Where your data is stored
All data is stored in Microsoft Azure, Australia East region (Sydney). Your data does not leave Australia. We use:
- Azure Cosmos DB (database)
- Azure Blob Storage (receipt files)
- Azure Key Vault (encryption keys and secrets)
AI processing
linq uses AI to read and classify your receipts. Specifically:
- Azure Document Intelligence extracts text, amounts, and vendor details from receipt images
- Azure OpenAI (GPT-4o-mini) suggests an ATO category and confidence score
- AI suggestions are always shown for your review — we never auto-accept a classification
- Your receipt data is not used to train any AI model
Third parties
We use Microsoft Azure for infrastructure.
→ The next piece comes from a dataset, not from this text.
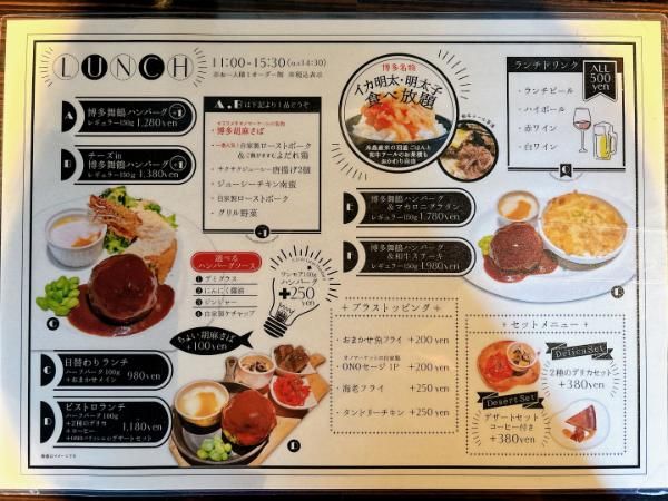 日替わりランチを注文すると、スタッフさんが手際良くサラダを盛り付け、手ごねしたハンバーグを焼いてくれます。 お料理が届くまでの間に、改めて店内メニュー表を眺めます。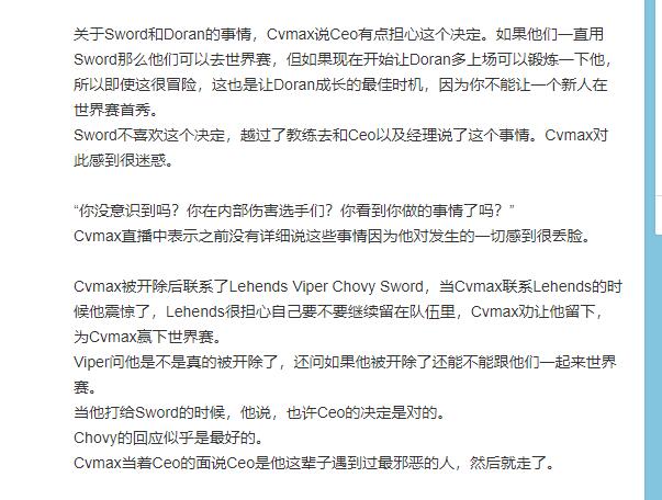 作为世界赛新军的GRF,在首战便被G2轻松挑落马下。当他们好不容易战胜HKA拿下自己的世界赛首胜,粉丝们都以为队伍的情况将要有所好转的时候,队内选手sword和viper却在采访的时候向队伍的前任监督cvmax开炮。两人纷纷表示:请cvmax不要再说和事实无关的话了! 目前并没有加入任何战队专心直播的cvmax,在看到对两位选手的采访之后瞬间崩溃。随即光速开启直播进行爆料,他表示自己和选手们并没有太多的恩怨,主要的问题在于和代表理事赵南奎。Cvmax在队伍输掉春季赛决赛之后和管理层爆发冲突,而赵南奎则是加剧双方冲突的人物。Cvmax爆料称赵南奎为了保住tarzan韩服第一的位置,甚至不惜让其他队员打假赛。 在选手方面,与cvmax存在问题最大的是sword,这位选手因为自己的首发位置被剥夺,直接越过教练去向管理层进行抗议。而cvmax认为,扶正doran是为了让GRF能够获取更多的比赛经验,从而在世界赛上走得更远。 在选手们为cvmax的去留进行表决投票的时候,很明显地分成了三部分。一些人支持赵南奎,另一些人虽然没有表态但是也被迫写下了对于cvmax的负面评价。后续联络选手的时候,只有chovy给到了最好的回应。在离开展对之后,金大湖监督一直在努力维护自己曾经指导过的选手,如今这番彻底撕破脸的爆料,也许是真的忍无可忍了。 目前,GRF内部虽然并没有传出不和谐的声音,但是小编觉得随着cvmax的这波爆料之后,面对外界铺天盖地的议论之声,GRF的队员们是很难置身事外的。从已经进行完的两场小组赛来看,GRF还没有调整到最佳的比赛状态。在此番爆料之后,队员们是会继续团结一致为了冠军而努力,还是会面和心不和早早出局?没人会知道答案,但是可以肯定的是,GRF的冲冠之路,已经蒙上了一层阴影。 那么问题来了,各位召唤师觉得这一次GRF选手和前监督的撕逼,究竟谁才是对的一方呢?欢迎大家在下方的评论区说出你的想法哦! |

We do not sell, share, or provide your data to any data brokers, advertisers, or other third parties. Your accountant only sees data you explicitly share via a time-limited link.
Your rights
- Access: You can view all your data in the app at any time
- Correction: You can edit any receipt data inline
- Deletion: You can delete individual receipts. To delete your entire account, contact us
- Export: You can export your data as Excel or PDF at any time
Australian Privacy Act
linq complies with the Australian Privacy Act 1988 (Cth) and the Australian Privacy Principles (APPs). If you have a privacy complaint, contact us first. If unresolved, you can contact the Office of the Australian Information Commissioner (OAIC).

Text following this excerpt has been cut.